We did not deem it prudent to ask our respondents directly whether their Reported Judgment included a Name Premium added onto their Sincere Judgment, on the suspicion that insincere raters are unlikely to answer us sincerely. The challenge, then, was to elicit sincere judgments while finessing social desirability.
Reference Lee., Frederick. and Ariely.Lee et al. (2006) faced a similar challenge. Pub patrons tasted regular beer and “MIT brew” (beer laced with balsamic vinegar, which Lee et al. call “conceptually offensive”, p. 10). Some tasted the two beers blind. Others were informed before tasting. Blind tasters preferred the MIT brew. Informed tasters preferred the regular beer. Were the informed tasters expressing their sincere preference, or was their report shaped by social desirability? To answer this, a third group was given the tasting experience of the blind tasters, but the evaluation opportunity of the informed tasters (namely, they were informed of what they had drunk after the drinking, but before the evaluation). This group resembled the blind tasters, not the informed tasters. Apparently, their tasting experience was not altered retroactively by the “mildly unsettling news” of the balsamic vinegar lacing (p. 1056).
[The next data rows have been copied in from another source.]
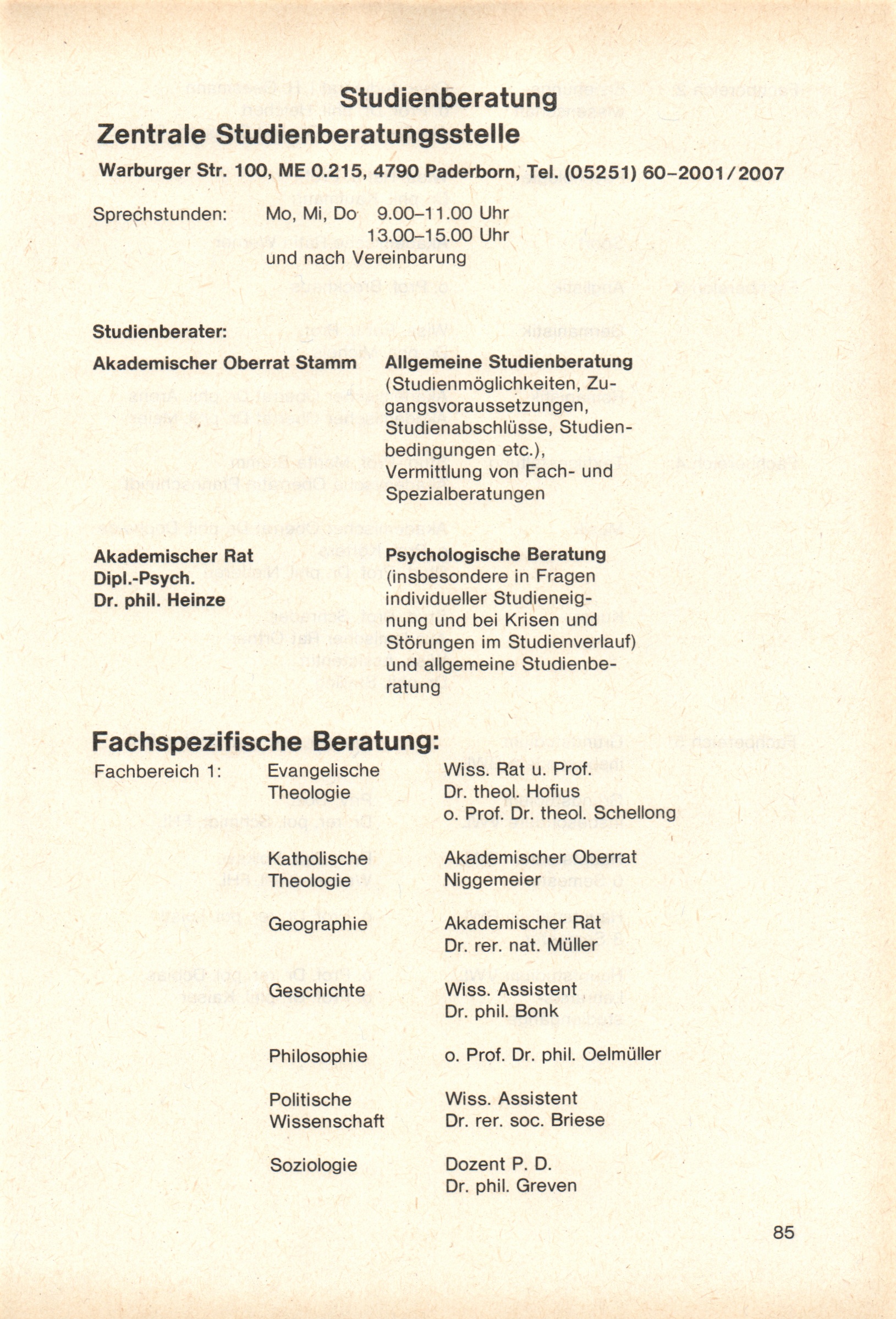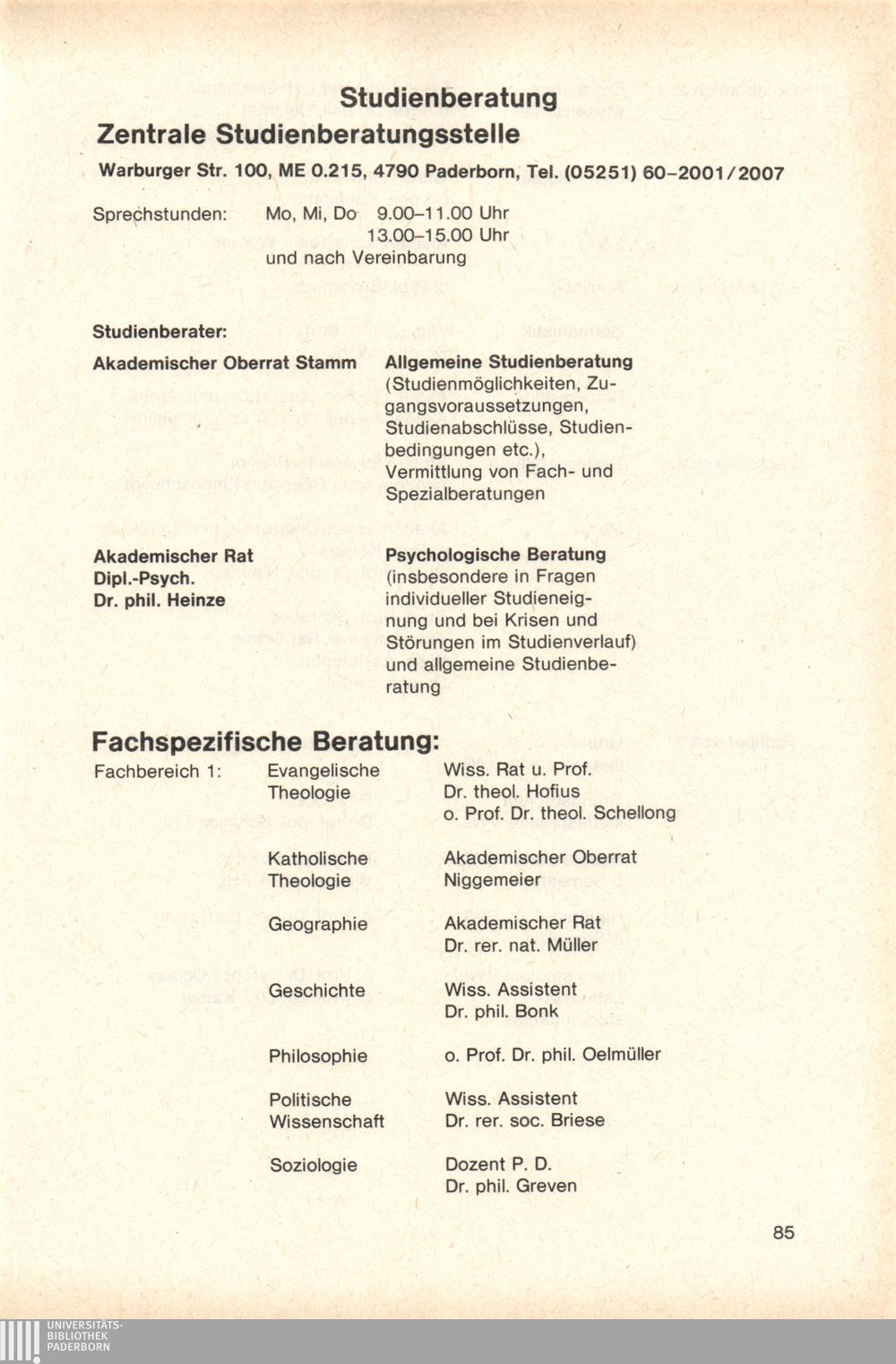 Personal- und Vorlesungsverzeichnis für die Gesamthochschule Paderborn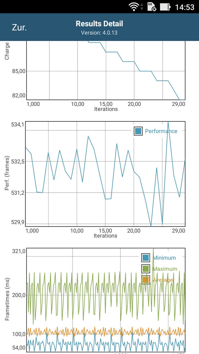 Unter längerer voller Last ist die Performance gleichbleibend, wie wir mit dem GFXBench Akku-Test feststellen können.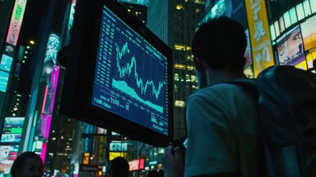 A stock market display showing the general trend of an upward movement, with digital numbers and graphs on glass panels in front of bustling city streets at night. The focus is on people walking past the screen, some looking up to take notes or photograph the graphics. Blue lighting adds depth and contrast against the black shadows. --chaos 30 --ar 16:9 --v 6.1 Job ID: f8cbe862-80d7-4800-98bf-a50488faaf0a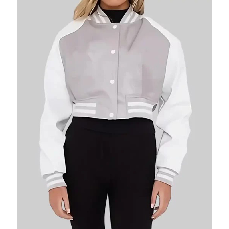 Whether you’re layering it over casual wear or styling it up for a sporty-chic vibe, the Mary Varsity Jacket makes a bold statement in versatile grey and white.
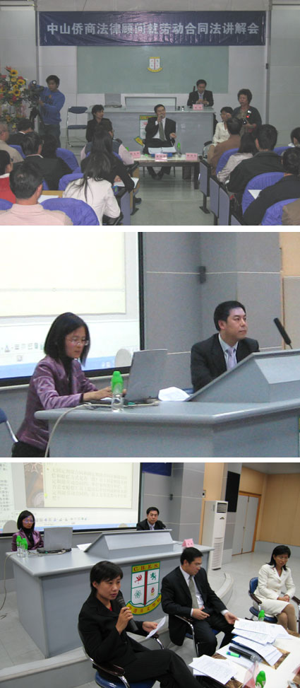 《劳动合同法》即将于2008年1月1日开始实施。12月27日下午,本律师事务所应中山侨资企业商会的邀请,会同千里行、国融两家律师事务所的律师在中港英文学校开设专题讲解会,为60多名侨资企业代表上了一堂《劳动合同法》讲解课。讲解会由张翅律师主持,张文华律师及其他两位律师一起围绕《劳动合同法》实施后,企业如何化解风险?如何依法用工?怎样构建和谐的劳动关系等问题进行了精辟的阐释,并现场互动为企业释疑解惑,就企业在经营管理过程中遇到的各种问题进行交流和探讨。我们希望通过此次讲解会能够为中山的侨资企业合法用工、降低经营风险提供帮助。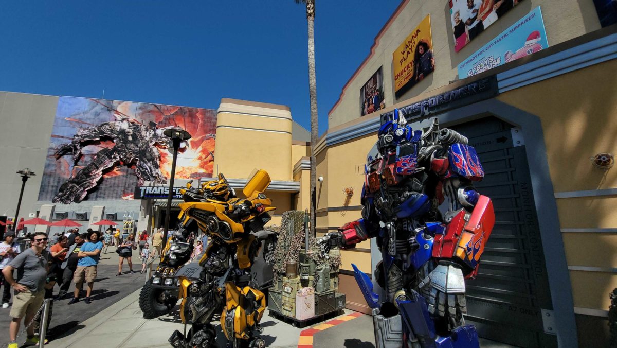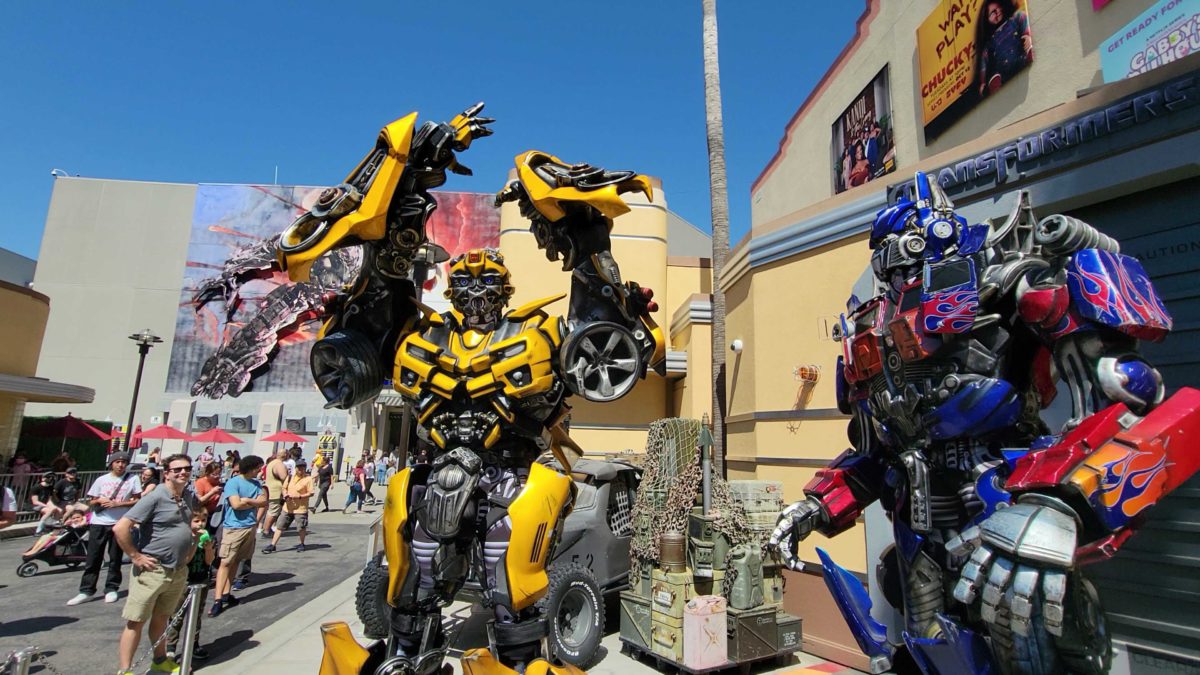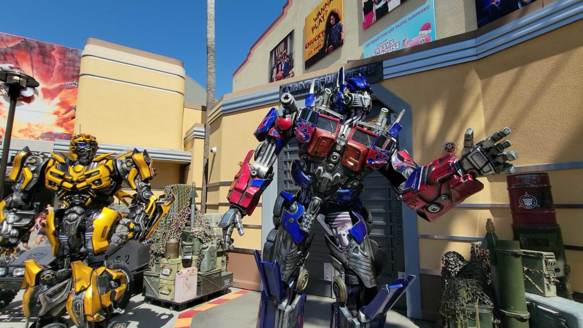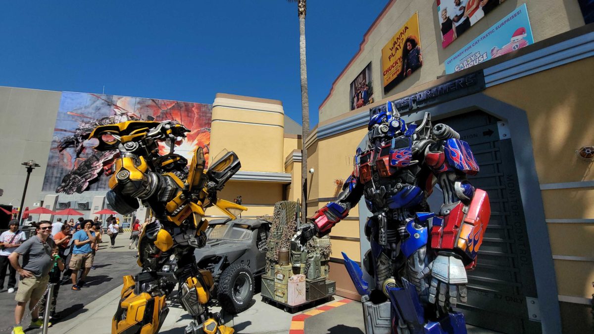 During our adventures at Universal Studios Hollywood, we noticed the Autobots, Optimus Prime and Bumblebee, were meeting together once again! You can meet them in the Lower Lot, right outside Transformers the Ride — 3D.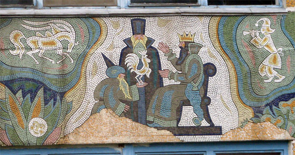 Панно с персонажами сказок - самое интересное и гармоничное. Жаль, что мозаика частично осыпалась, и не ведется

Moreover, they declined an opportunity to report a more socially desirable, albeit insincere, evaluation.
Our design is necessarily differentFootnote 6, although we also had three kinds of readers: “blind” readers who read an unattributed poem, “informed” readers who read it with the poet’s name, and readers who were blind when first reading the poem, and were informed of the poet’s name only after reading the poem.Footnote 7 We elicited ratings from the third, and critical, group in an indirect way. Rather than requesting them to first give a rating based on their blind reading, and then when informed of the poet’s name to give a second rating, after informing them we asked them to guess the rating of “other people like you”, hoping thereby to solicit more sincere evaluations.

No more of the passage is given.